Son Yargıtay Kararları Işığında Vergi Kaçakçılığı Suçu Unsurları PDF Yazdır e-Posta
01 Nisan 2013
Image

I- GİRİŞ

Bu yazının amacı 2008 yılında yapılan değişiklikle(1) Türkiye’de yegâne vergi suçu haline gelen “vergi kaçakçılığı”(2) kapsamında sayılan ve esas itibariyle vergi ziyaı ile ilişkilendirilmeyen suç unsurları ve fiilleri konusunda Yargıtay’da son dönemde (2010 - 2012) alınan kararları incelemektir(3). www.ozdogrular.com

 

Bu amaçla hürriyeti bağlayıcı cezalar ile cezalandırılan(4) vergi kaçakçılığı suçunu düzenleyen Vergi Usul Kanunu’nun (VUK) 359. maddesinde(5) sayılan suç unsurlarını yüksek yargının kararları ile okunmak istenecektir.

 

Birinci bölümde suç unsurları ve fiilleri ikinci bölümde ise bu suç unsurları ile ilgili son emsal Yargıtay kararları ele alınacaktır.

 

II- SUÇ UNSURLARI VE FİİLLERİ

Vergi kaçakçılığı, adı kaçakçılık olmakla birlikte vergi kaçırmak fiili ile bağlantısı koparılan ve vergi hukukumuzda 4369 sayılı Yasa öncesi hileli vergi suçu olarak tanımlanan çeşitli suç fiillerinden oluşmaktadır. Bu suç fiilleri münhasıran Vergi Usul Kanunu’na göre muhafaza ve ibraz zorunluluğu olan defter, kayıt ve belgelerle ilgilidir(6).

 

Vergi kaçakçılığı suçunda muhafaza ve ibraz zorunlulukları olan defter, kayıt ve belgelerle ilgili sekiz ayrı suç fiili bulunmaktadır. Bu fiiller şöylece sıralanabilir:

1- Hesap ve muhasebe hileleri yapılması,

2- Gerçek olmayan veya kayda konu işlemlerle ilgisi bulunmayan kişiler adına hesap açılması,

3- Vergi matrahının azalması sonucunu doğuracak şekilde defterlere kaydı gereken hesap ve işlemleri tamamen veya kısmen başka defter, belge veya diğer kayıt ortamlarına kaydedilmesi (çift defter kullanılması),

4- Defter, kayıt ve belgelerin tahrif edilmesi veya gizlenmesi (varlığı noter kayıtları ile belli olan defter ve belgelerin inceleme elemanına ibraz edilmemesi gizleme hükmündedir)

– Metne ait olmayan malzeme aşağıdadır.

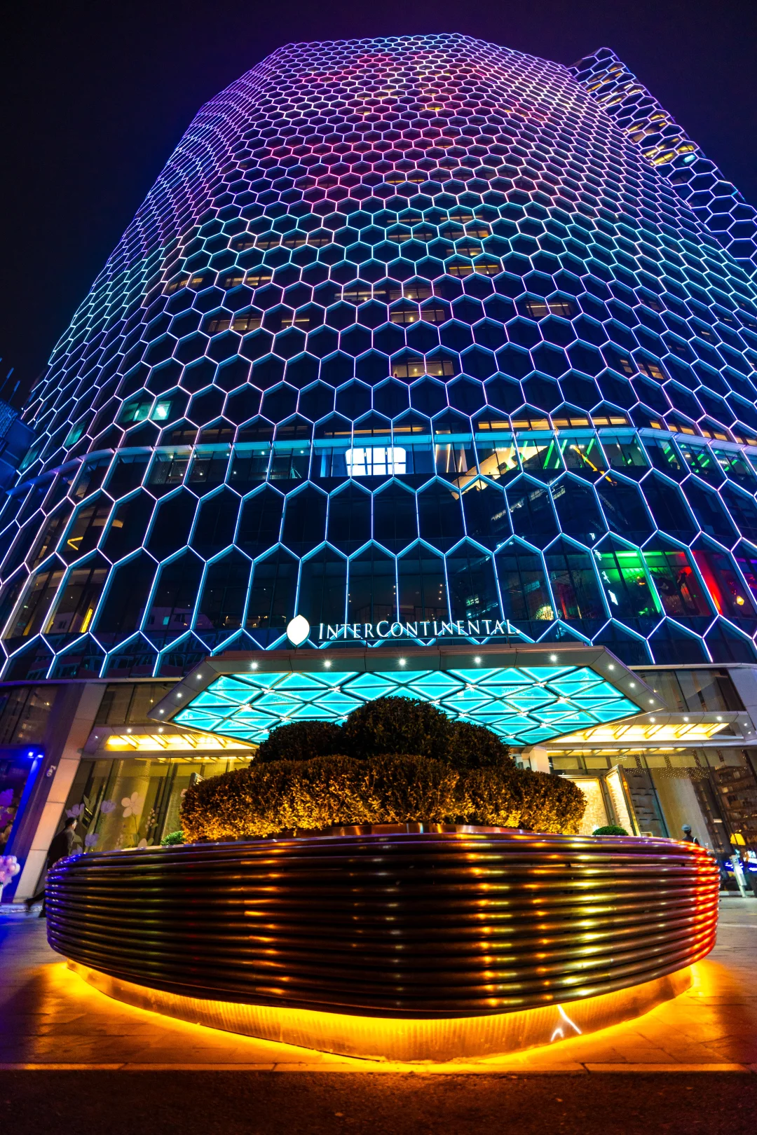 另外酒店门口,可以到马路对面,用广角把整栋建筑的钻石般的六边形外观纹路收入镜头,人可以站在前面当前景。

5- Muhteviyatı yanıltıcı belge (gerçek bir muamele ve duruma dayanmakla birlikte, bunu gerçeğe aykırı şekilde yansıtan belgedir) düzenlenmesi ve kullanılması

6- Defter, kayıt ve belgelerin yok edilmesi,

7- Belgelerin asıl veya suretlerinin tamamen veya kısmen sahte olarak düzenlenmesi veya bu belgelerin kullanılması(7),

8- Maliye Bakanlığı ile anlaşması bulunan kişilerin basabileceği belgeleri, Bakanlık ile anlaşması olmadığı halde basılması veya bilerek kullanılması.

 

Bu fiillerden ilk üçü (hesap ve muhasebe hilesi yapmak, mevhum kişiler adına hesap açmak ve çift defter kullanmak) muhasebe tekniği ve uygulamaları ile ilgili olup bir tür muhasebe suçu oluşturmaktadır. Buna karşın defter kayıt ve belgeleri tahrif, gizleme, sahte ve muhteviyatı yanıltıcı belge düzenleme ve kullanma, defter ve belgeleri yok etme fiilleri ise kamu güveni aleyhine ve topluma karşı işlenmiş suç fiilleri olarak kabul edilebilir(8). Maliye Bakanlığı ile anlaşmalı olmayan matbaalarda belgelerin basılması ve bilerek kullanılması fiili ise iki grup suç kapsamına da girmemektedir.

 

Bu fiillerden vergi ziyaı ile ilişkilendirilen tek suç çift defter kullanmaktır(9). Vergi ziyaına yol açılması halinde VUK’un 344. maddesi uyarınca üç kat vergi ziyaı cezası kesilir(10). www.ozdogrular.com

 

Vergi kaçakçılığı suç fiillerinde de manevi unsur olarak kasıt aranması gerekir(11). VUK’un 371. maddesinde öngörülen pişmanlık şartlarına uygun olarak bir başka deyimle vergi kaçakçılığı suç fiillerini ilgili makamlara bildirenler kişiler hakkında kaçakçılık cezası uygulanmaz(12).

 

İkinci bölümde alıntı yapılan 2010-2012 dönemi emsal Yargıtay Kararları(13) ise madde ile ilgili içtihatların sadece kasıt olsun olmasın, vergi kaybına yol açsın açmasın defter ve belgeleri gizleme (ibrazdan kaçınma) ve sahte belge konusunda olduğunu göstermektedir. Taranan kararlarda bu fiiller dışında özellikle muhasebe suç fiilleri konusunda hüküm tesis edildiğine rastlanmamıştır. Yargıtay bu emsal kararlarda belgeleri bilmeden kullanıldığı ve suç kastının bulunmadığı savına itibar etmemekte ve belgede sahteciliğin gerçek durumu kanıtlayan belgelerle ispatlanması gerektiğine hükmetmektedir. www.ozdogrular.com

 

III- EMSAL YARGITAY KARARLARI

Bu kararları iki suç grubuna ayırıyoruz. Defter ve belgeleri gizleme suçu ve sahte belge düzenleme ve kullanma suçu.

 

A- DEFTER VE BELGELERİ GİZLEME SUÇU

Yargıtay aşağıdaki kararlarında defter ve belgeleri gizleme suçunda kasıt ve vergi ziyaı olduğunu karine olarak kabul etmiştir.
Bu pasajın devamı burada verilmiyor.